# My wife has walked out



## Ross (Dec 18, 2011)

im 28 and we have been married just over a year now and we had a new born 7weeks ago, the other nite i went out for my Christmas party with work i got drunk and ended up dancing with with a girl she invited me back to hers like a fool i went but when we got to her door i said thanks for a good nite and walked away i was really proud of my self as she was stunning i came home alone. morning came my wife comes down and my phone rings its her i dnt know how she got my number but i didnt give it to her, i told my wife who she was and that i walked away she didnt beleave me. we had the same problem last yeah before i got married but she forgave me and we was ok, now shes gone and i know she wont come back she has my son and i cant bare it i dont know what to do! its almost christmas everything is destroyed because of my stupidness 
i cant face my family i just sit here crying in my sons room. i cant face not watching him grow up. she wont reply to me or answer my calls, i miss them both so much


----------



## EleGirl (Dec 3, 2011)

I'm sure you know what you did that was wrong.

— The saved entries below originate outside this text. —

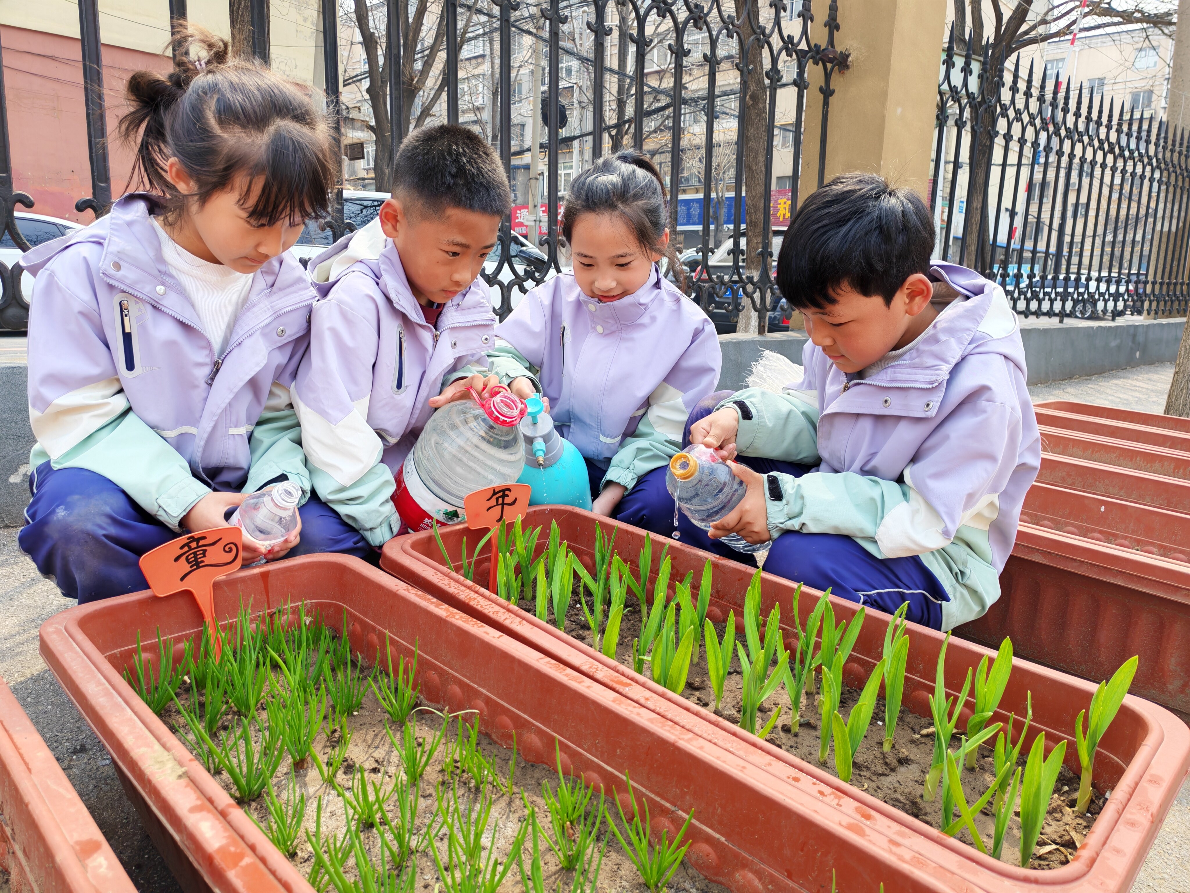 “谷雨前后,种瓜点豆。”在铁西区跃进小学的课堂上,师生共同学习谷雨民俗与节气文化,同学们精心绘制节气手抄报、创作手工花枝、手绘黑板报,在笔墨创作中感受暮春诗意。而走出教室,孩子们又拎起水桶,细心浇灌菜园里的青苗,在躬行劳作里体悟农耕道理。从笔尖到指尖,从纸上到土里,孩子们在创作中感受诗意,在劳作中体悟“一分耕耘,一分收获”的道理。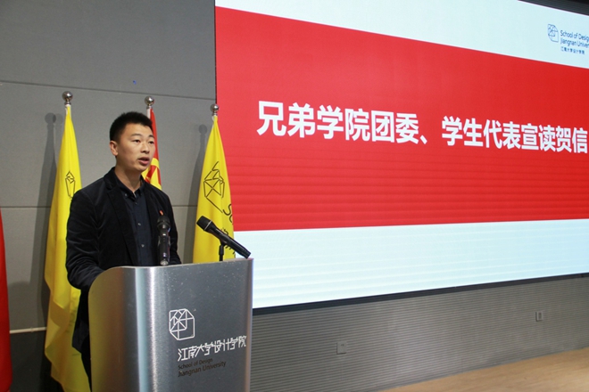 商学院分团委书记林增代表兄弟学院团委致贺辞,他高度评价设计学院在团学工作中所取得的成绩,期望继续深化两院共青团间的交流与合作。物联网工程学院学生会主席袁静怡作为兄弟学院代表宣读贺信,表达了对两院继续友好协作、共同进步的美好祝愿。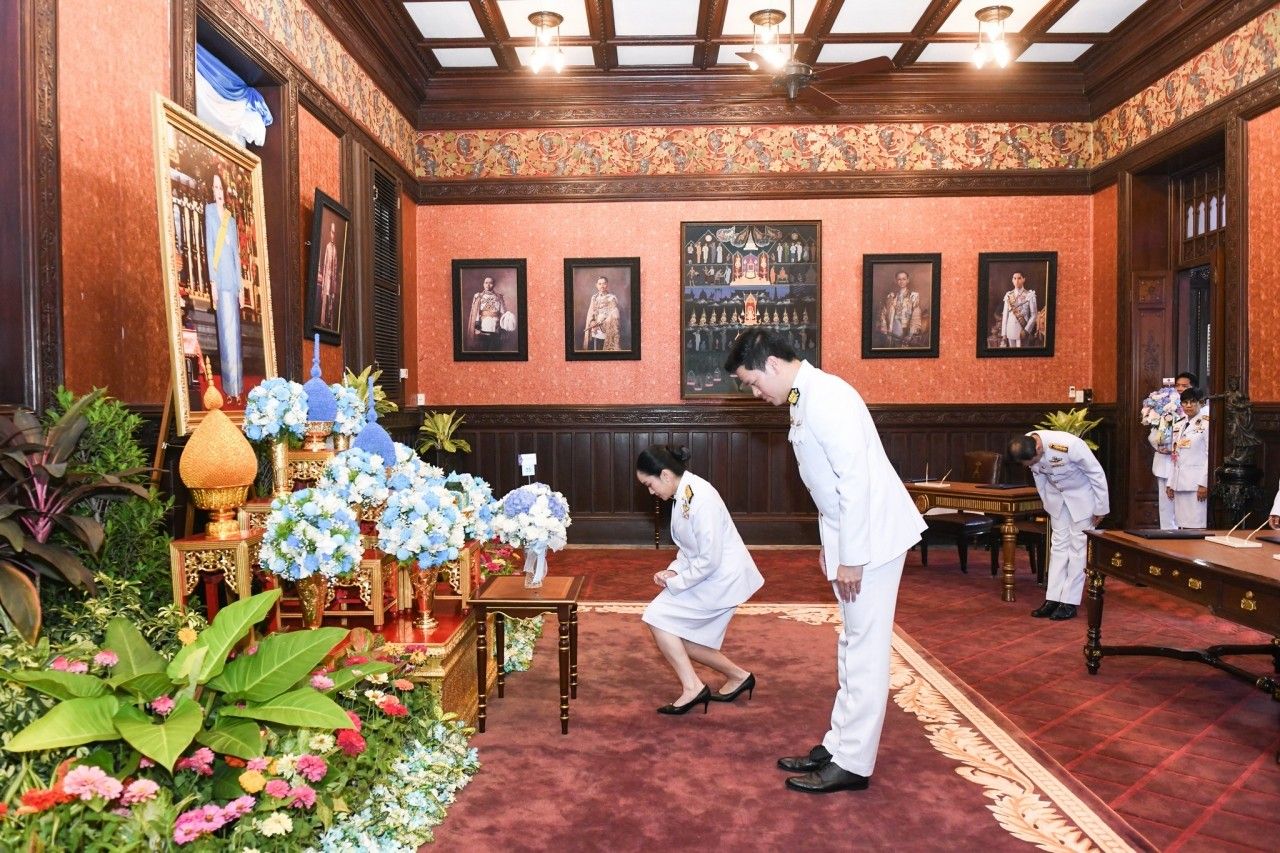 ชุดที่ 1 รักษาราชการแทนนายกรัฐมนตรี พร้อมรองนายกรัฐมนตรี ทูลเกล้าฯ ถวายแจกันดอกไม้ในนามนายกรัฐมนตรีและคณะรัฐมนตรี

Why didn't you take your wife to the party?

All you can do is to be the best you can be and hope she comes around. Look at the Plan A and Plan B link in my signature below. That might help you.

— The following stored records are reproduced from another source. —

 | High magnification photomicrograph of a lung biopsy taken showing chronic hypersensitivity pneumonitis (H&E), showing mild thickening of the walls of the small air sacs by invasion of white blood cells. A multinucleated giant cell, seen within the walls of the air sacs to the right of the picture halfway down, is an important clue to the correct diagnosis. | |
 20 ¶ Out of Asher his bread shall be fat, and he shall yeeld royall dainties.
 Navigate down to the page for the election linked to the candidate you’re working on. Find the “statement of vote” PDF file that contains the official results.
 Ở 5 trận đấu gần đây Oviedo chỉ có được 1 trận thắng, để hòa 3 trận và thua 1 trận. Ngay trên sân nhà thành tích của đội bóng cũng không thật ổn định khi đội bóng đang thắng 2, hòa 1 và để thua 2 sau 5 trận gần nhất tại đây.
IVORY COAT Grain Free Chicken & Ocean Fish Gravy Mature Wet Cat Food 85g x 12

Even though you are the one who did questionable behavior, you will need to do Plan A if you have any hope at all to get your wife back.

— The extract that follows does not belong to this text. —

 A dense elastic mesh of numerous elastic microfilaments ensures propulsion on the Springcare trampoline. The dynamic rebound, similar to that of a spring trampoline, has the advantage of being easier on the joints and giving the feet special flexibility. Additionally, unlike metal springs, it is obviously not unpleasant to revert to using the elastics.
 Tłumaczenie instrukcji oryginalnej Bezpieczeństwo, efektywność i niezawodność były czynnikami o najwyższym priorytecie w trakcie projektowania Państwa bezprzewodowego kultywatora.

She was more than willing to enage in a physical affair with you even though you turned her down. She called you at home... So she was even willing to be disrespectful to your wife in her own home

Promise her that you will never go to a party again without her since you are vulnerable to drinking and using it was an excuse to cross the line.
. 

You also need to write a letter to the woman who you did this with. It's a no-contact letter. You have to tell her that what you did was wrong, that you hurt your wife who means everything to you and that you want no further contact with her. Write the letter and have your wife with you when you send it.


----------



## chillymorn (Aug 11, 2010)

slow learner the first time wasn't enough to not do it again.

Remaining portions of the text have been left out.